On Wed, Jul 02, 2014 at 11:16:52AM +0200, Alexander Graf wrote:
Are you sure there's not just simply some irq unmasking event
after 5500ms we don't handle properly?
I poked around a bit, and the e1000 interrupt mask register is NOT the
problem (the LSC mask bit is clear at all times). If anything, maybe
the PIIX southbridge (or something further up "north") is masking PCI
interrupts (at least from e1000) until roughly 5500 ms into the boot
process ? Any ideas on how I could go about verifying this (without
access to the guest source, obviously :) ) would be very helpful...

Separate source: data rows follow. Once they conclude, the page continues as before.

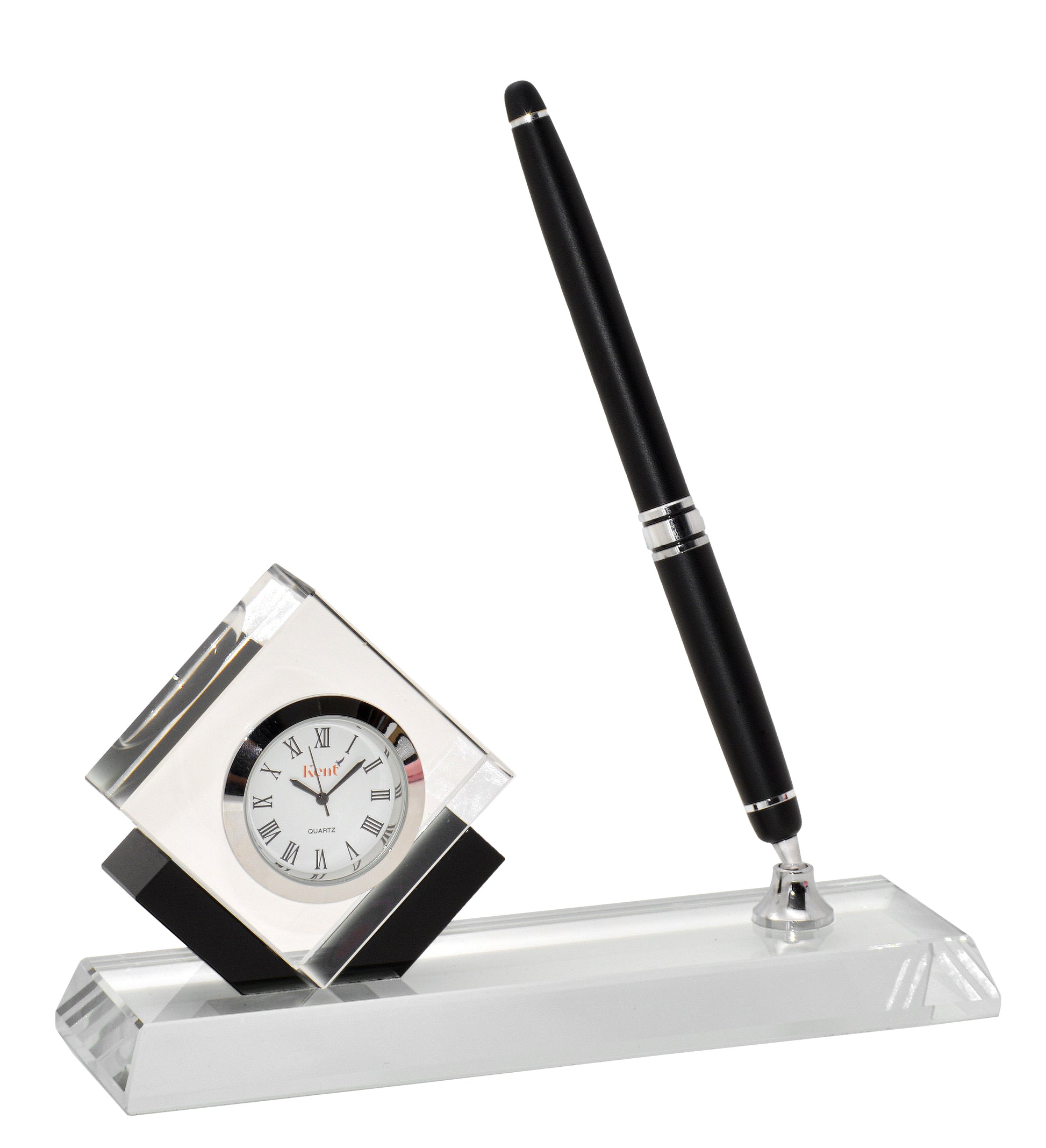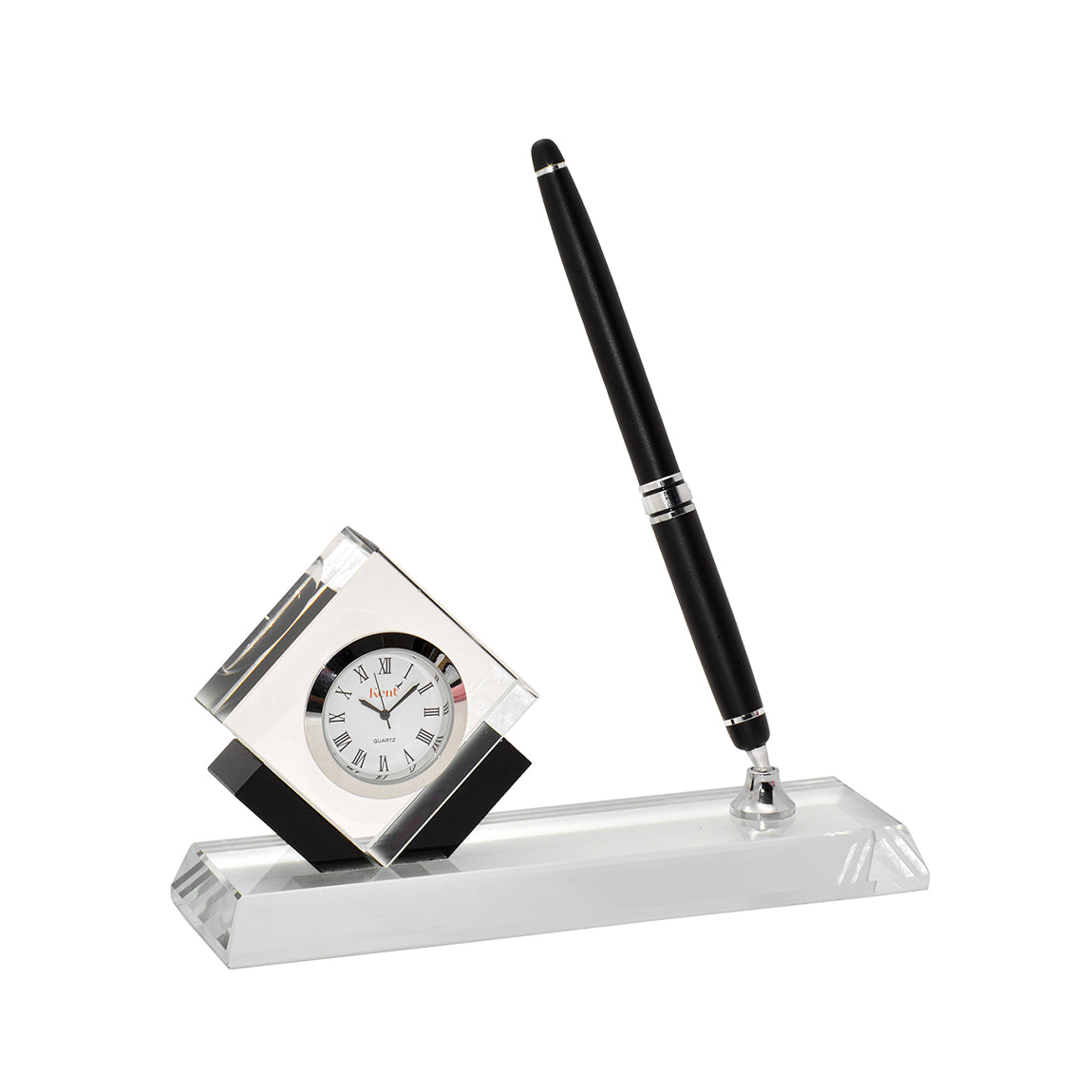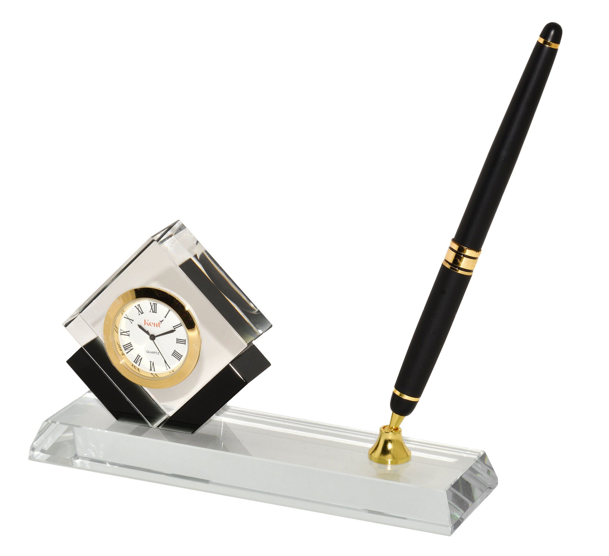 حيث ان القطعة الخاصة بنا مصنعة من الكريستال النقي مزودة بساعة معدنية ماركة كينت وحامل قلم معدني أسود لضمان الفخامة والعملية لمكتبكم .
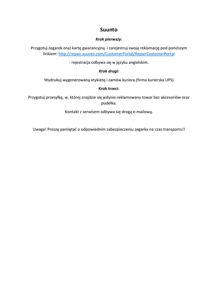 Suunto Krok pierwszy: Przygotuj zegarek oraz kartę gwarancyjną i zarejestruj swoją reklamację pod poniższym linkiem: http://repair.suunto.com/CustomerPortal/RepairCustomerPortal - rejestracja odbywa się w języku angielskim. Krok drugi: Wydrukuj wygenerowaną etykietę i zamów kuriera.(firma kurierska UPS) Krok trzeci: Przygotuj przesyłkę, w, której znajdzie się jedynie reklamowany towar bez akcesoriów oraz pudełka. Kontakt z serwisem odbywa się drogą e-mailową. Uwaga! Proszę pamiętać o odpowiednim zabezpieczeniu zegarka na czas transportu!!
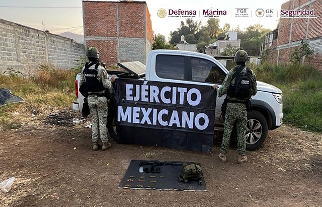 Resultado de las labores del Plan Michoacán por la Paz y la Justicia, elementos de la Secretaría de la Defensa Nacional (Defensa) y Guardia Nacional (GN), en coordinación con la Secretaría de Marina (Semar), Fiscalía General de la República (FGR) y Secretaría de Seguridad y Protección Ciudadana (SSPC), junto con autoridades locales, se detuvo a cinco personas, se aseguró un arma de fuego, 98 cartuchos, cuatro cargadores, dos artefactos explosivos improvisados y cuatro vehículos.
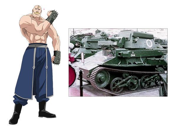 สำหรับชื่อของตัวละครหลายๆ คนในเรื่องแขนกลคนแปลธาตุ อาจารย์อาราคาว่าได้เอาชื่อของยานพาหนะในสมัยสงครามโลกครั้งที่สอง มาตั้งเป็นชื่อของตัวละครตัวนั้นๆ อย่าง
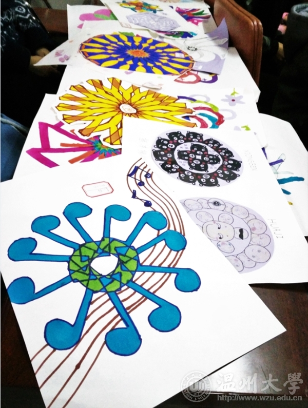 本次支教活动主题为“艺术创想”手工DIY和“少儿手工创意课堂”衍纸DIY活动。分别由温大美院美术师范班的黄锦和方凯棋同学以及来自瓯海图书馆的周老师主讲。第一个活动据小朋友们熟知的《艺术创想》节目讲述了整节课的中心思想――“旋转”。志愿者和小朋友在看完视频后纷纷投入活动中。经过小朋友们画好一个心仪的图案,志愿者将图案旋转一周完成一幅作品。紧接着,周老师继续给小朋友们带来了一节生动有趣的“衍纸DIY”课程。衍纸艺术是以特定工具将细长的纸条一圈圈卷起来,成为一个个小"零件",然后藉由组合这些样式复杂、形状各有不同的"零件"来创作。是一种简单而实用的生活艺术。在课堂前半段老师教授了基础的紧卷、松卷。之后又延伸了钻石卷、泪珠卷、叶形卷等更为生动的卷纸形状。在志愿者和小朋友们的一起努力下,用多种形状组成了一张张精致的作品,让人爱不释手。
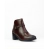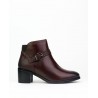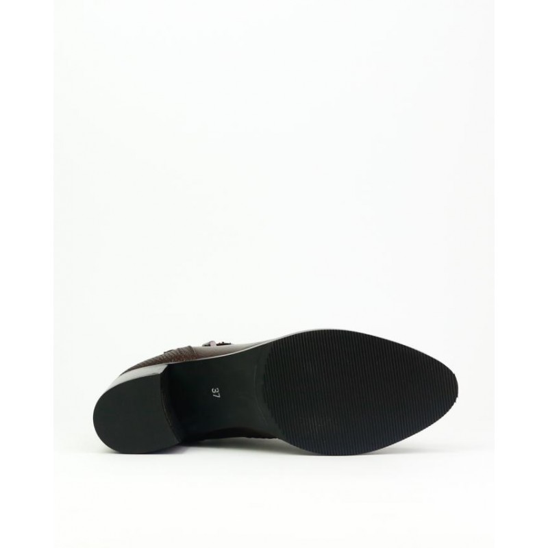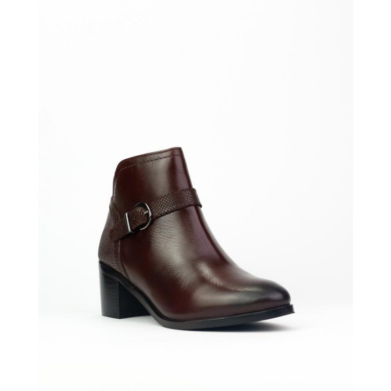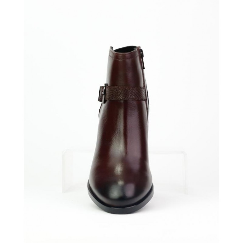 Botin marca Caramelo fabricado en piel vacuno de color burdeos de primera calidad. Forro piel combianado con textil para mejorar la sensacion de confort. Cierre con cremallera interior para facilitar la puesta y retirada del pie. Hebilla como adorno en la teral. Trasero en piel grabada imitacion escamado. Altura de tacón 6 cm. Elastico en trasero. Altura de caña de botin 10 cm.
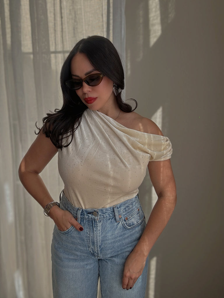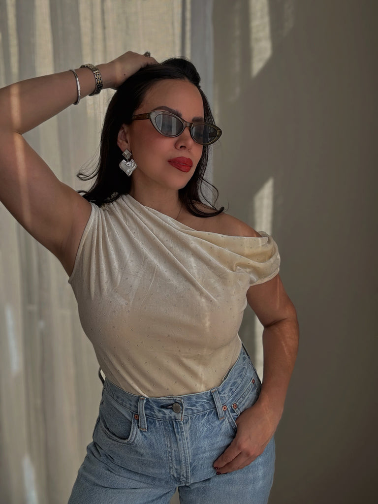 Nuevo Top en velvet asimétricos con detalles rhinestones. Corre al Size, estira no zipper.
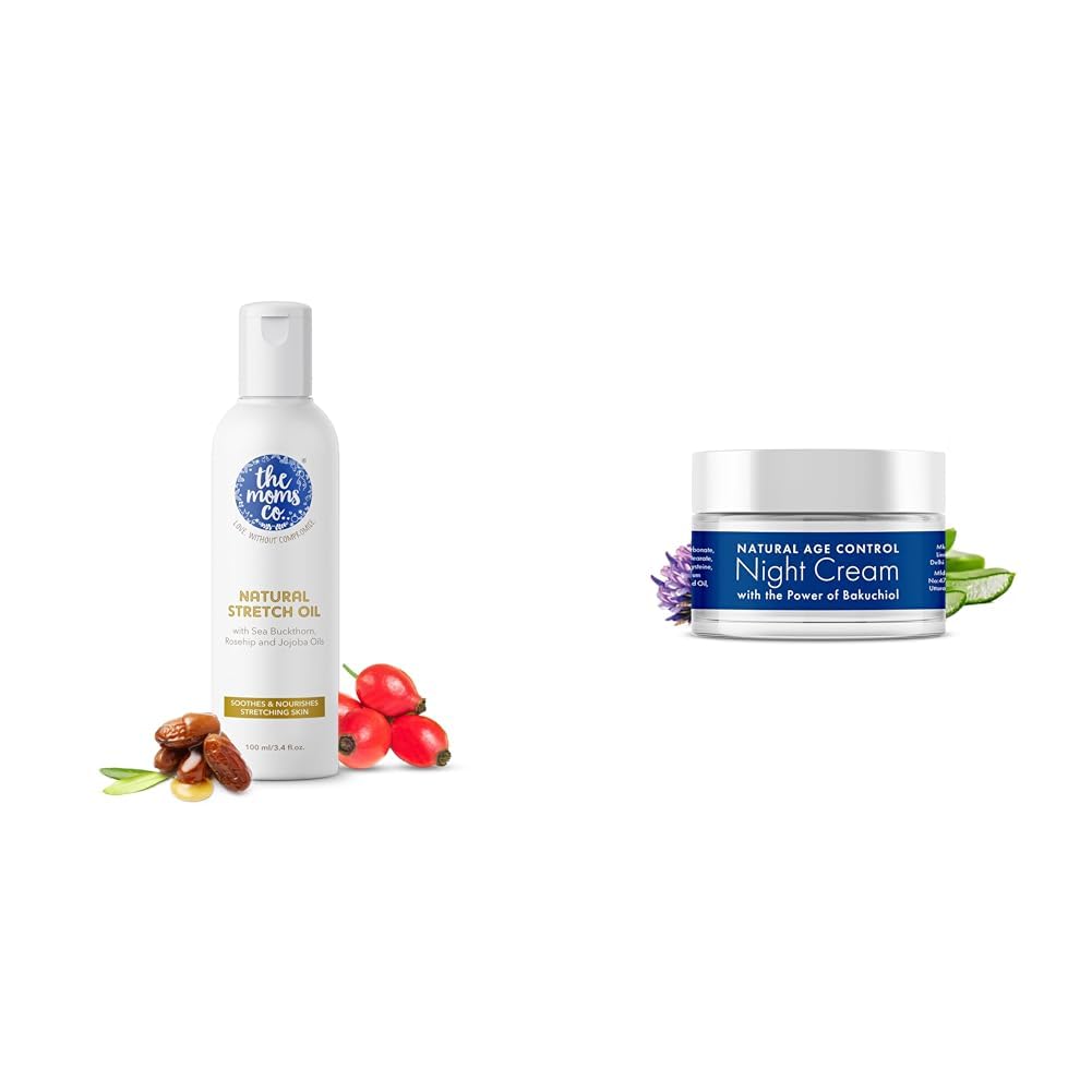 The Moms Co. Natural Stretch Oil to Reduces stretch marks for women 100 ml. Natural Age Control Night Cream for Women| With Bakuchiol (Natural Retinol) & Niacinamide - 10 gm

Yeah, maybe the interrupt is masked and doesn't get delivered properly? See
if you can trace when the e1000 emulation starts kicking an interrupt and
when the guest tries to fetch it (there should be an ack register for IRQs
somewhere).
If we kick it but the guest doesn't react, the problem is further down -
check whether the IRQ ever got injected into the guest with trace points.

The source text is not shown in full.